Either way as my son and wife scurried towards our car, we wore the remnants of the storm as it clung to our bodies as ripples appeared on the ground with each step.
Rain doesn’t bother me per se but it can be annoying as it taps, taps, taps, incessantly on my head like a woodpecker on a tree.
Enough is enough, I often think. I get it. It’s raining in a land that more often than not revels in the glow of the California sun - which truthfully is just as petulant as the rain.
I’m a London fog or overcast kinda guy. It makes me happy. One, because I can dress in layers and two layers again - it’s all vanity, really. Malibu mornings is the sine qua non I long for.
On one such glorious overcast day as the rain stopped, I layered up, camera in tow loaded with Tri-X, because Bresson and the light was even, and I walked to the Hammer.

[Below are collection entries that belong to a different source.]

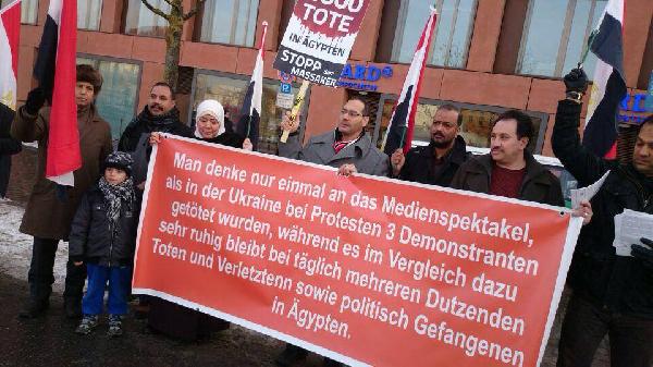 وطالب المشاركون في الوقفة الإعلام الألماني بوجه عام عرض ما يجري في مصر من قتل واعتقال للنشطاء والسياسيين والبنات ، كما كانوا ينقلون ما يجري في أوكرانيا، على الرغم من كثرة عدد القتلى والجرحي والمعتقلين في مصر مقارنة بأوكرانيا.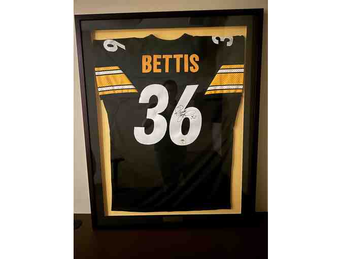 The signed, framed #36 Jerome Bettis jersey is donated by Bruce Weiner.
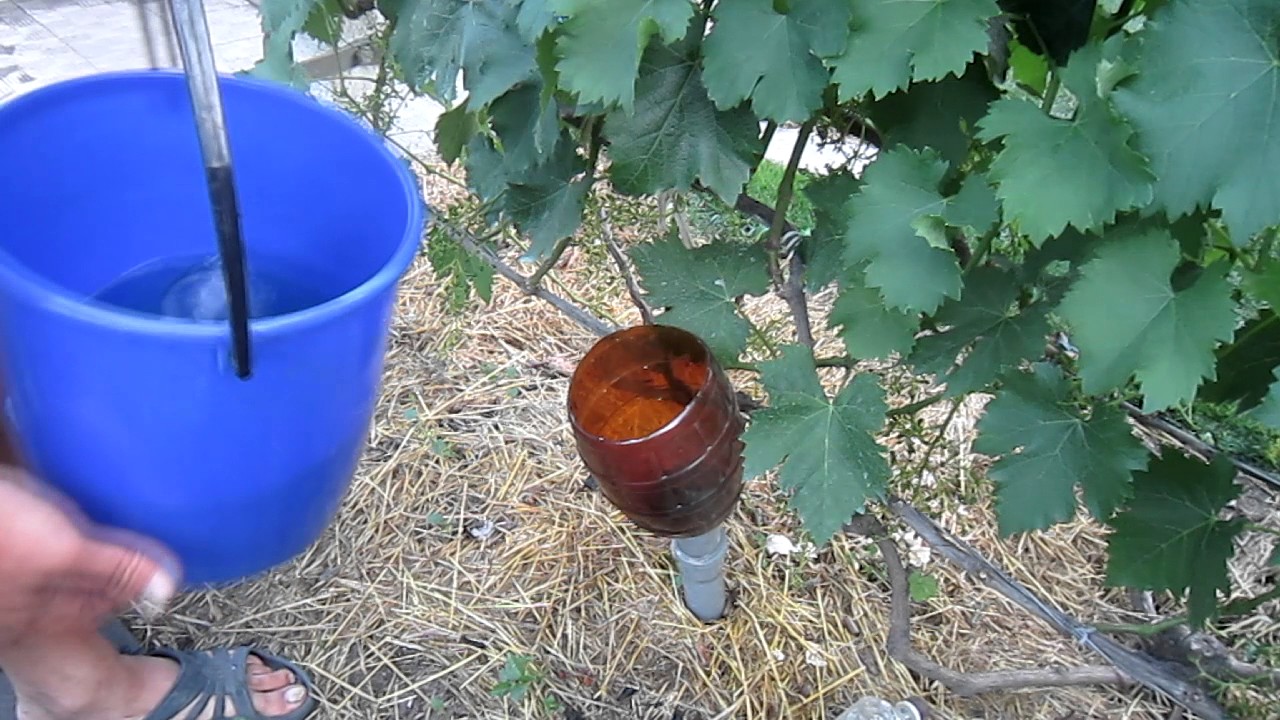 - Чтобы избежать перерасхода воды для полива виноградника, при посадке вкапывают пластиковую трубу у каждого куста. Так удается в будущем дозированно заливать воду с подкормкой.

It was the final days of the Joan Didion exhibit and though I had known of her, we were strangers in the night. But as the shutter clicked, I was destined to slouch towards her writings.
In the vein of Hemingway, clear and precise, with selection of word usage and structure, Didion became the conduit to a Los Angeles I have grown nostalgic for over the years - a muse of the written word, and a voice of the things we go through in life and how we deal with them as we age - a truth I am seeking as I am planted in the soils of middle age.
In The Year of Magical Thinking, she writes, “Time is the school in which we learn.” I believe I was only prepared to read her works in the time I was set to - not too early and not too late.
On an overcast day in Los Angeles with my camera in tow, in a season of life that we all succumb to, Joan Didion arrived right on time.